- DVD cover
- Directed by: Manoj Agrawal
- Written by: Anwar Khan (dialogues)
- Screenplay by: Rajiv Kaul Praful Parekh
- Story by: Satish Jain
- Produced by: Rajeev Anand Rakesh Malhotra
- Starring: Govinda Rani Mukerji Johnny Lever Paresh Rawal
- Cinematography: Nirmal Jani
- Edited by: Arun-Shekhar
- Music by: Songs: Anand Raj Anand Background score: Surinder Sodhi
- Distributed by: T-Series
- Release date: 14 April 2000;
- Running time: 129 mins
- Country: India
- Language: Hindi
- Budget: ₹8 crore
- Box office: ₹20 crore

= Hadh Kar Di Aapne =

2000 Indian film by Manoj Agrawal

Hadh Kar Di Aapne (transl. You have crossed the limits) is a 2000 Indian Hindi-language comedy film directed by Manoj Agrawal. The film stars Govinda and Rani Mukerji. Upon release, the film was a commercial success.

== Plot ==

Raj aka Raju is a detective who is hired to help his friend Sanjay prove that his wife is having an extramarital affair so that he can divorce her. Sanjay's wife Anjali also suspects that her husband is cheating and hires her friend Anjali to seek proof of an extramarital relationship to facilitate an easy divorce. The couple has long been separated, each knowing that their spouse has moved to Europe with their boyfriend/girlfriend.

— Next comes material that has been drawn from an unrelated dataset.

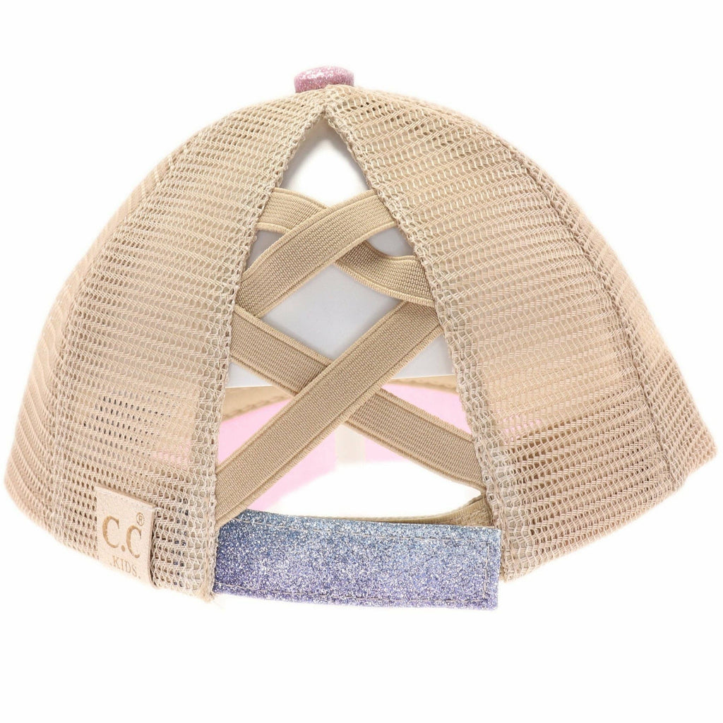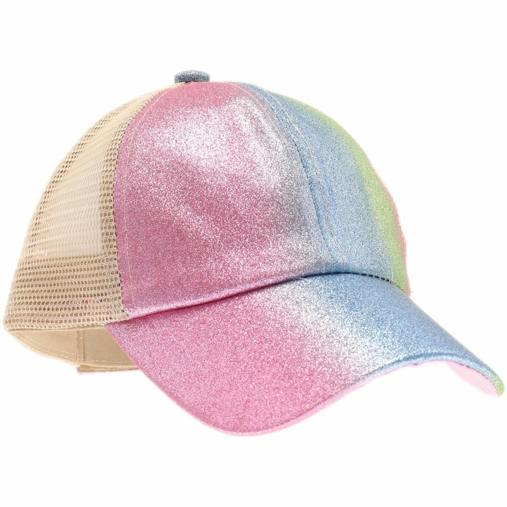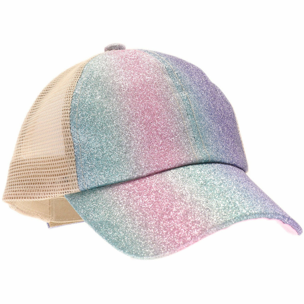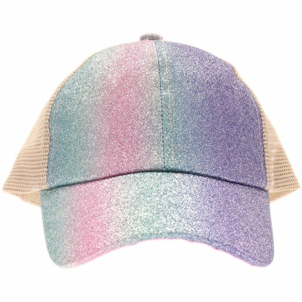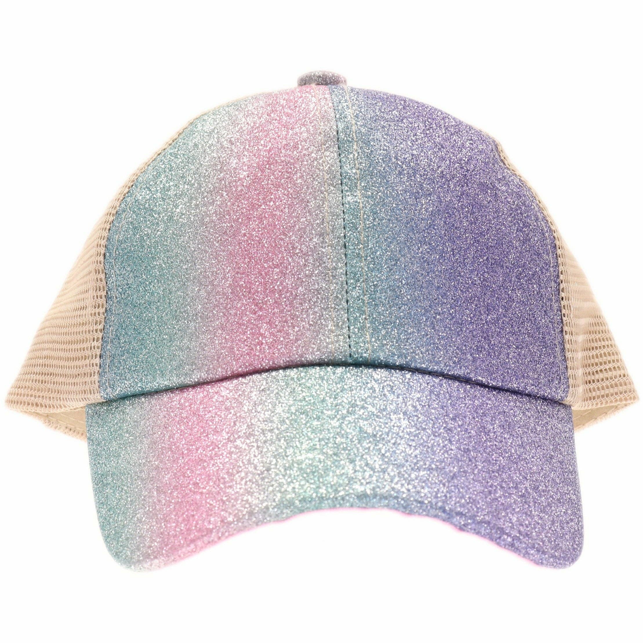 Kids Girls Shimmer Glitter Ombre Criss-Cross High Ponytail CC Baseball Hat Fits 3T-7/8 - Pick Your Color

In Europe, detective Raju meets the other Anjali, and they fall in love but get into a fight later on, because Raj thinks that Anjali is already married with his friend Sanjay, which Anjali tries to explain to him that she is not married. Later, Sanjay and Anjali come across each other and learn of their mistakes and start thinking about Raj and Anjali. On the other hand, both Raj and Anjali returned from the Europe tour and decided to go their own way, as they still think that both are married. Raj returned back to his house whereas Anjali returned back to her house. Mr. Khanna and Mrs. Khanna parents of Anjali, decided to marry their daughter off. There came Prakash Chaudhary and Bhaidas Bhai as caterers and tent decorators. They learn that Anjali is about to marry someone else, but she loves Raj. So, they called Raj and asked him to come to Anjali's house. Finally, Anjali and Raj wed after many comical turns at the wedding venue.

==Production==
===Casting===
Mahima Chaudhry was originally offered the female role but had to turn down due to scheduling conflict. Rani Mukerji later received the role accepted it.

==Soundtracks==
Lyrics by legendary Anand Bakshi

The soundtracks of this film has been composed by Anand Raj Anand.

| Title | Singer(s) |
|---|---|
| "Bekaraar Main Bekaraar" | Sonu Nigam |
| "Hadh Kar Di Aapne" | Udit Narayan, Kavita Krishnamurthy |
| "Kudi Kanwaari Tere Pichchhe Pichchhe" | Jaspinder Narula |
| "Mujhe Kuchh Tumse Hai Kehna" | Udit Narayan, Vibha Sharma |
| "Oye Raaju Pyaar Na Kariyo" | Anand Raj Anand |
| "Phir Tote Se Boli Maina" | Udit Narayan, Anuradha Paudwal, Vinod Rathod, Sudesh Bhosle |
| "Turi Ruri Rappa" | Anand Raj Anand, Anuradha Paudwal, Vinod Rathod, Vibha Sharma, Mohammad Aziz |

==Reception==
Syed Firdaus Ashraf of Rediff.com gave a positive review, writing, "On the whole, Hadh Kar Di Aapne is entertaining and keeps you interested in the script."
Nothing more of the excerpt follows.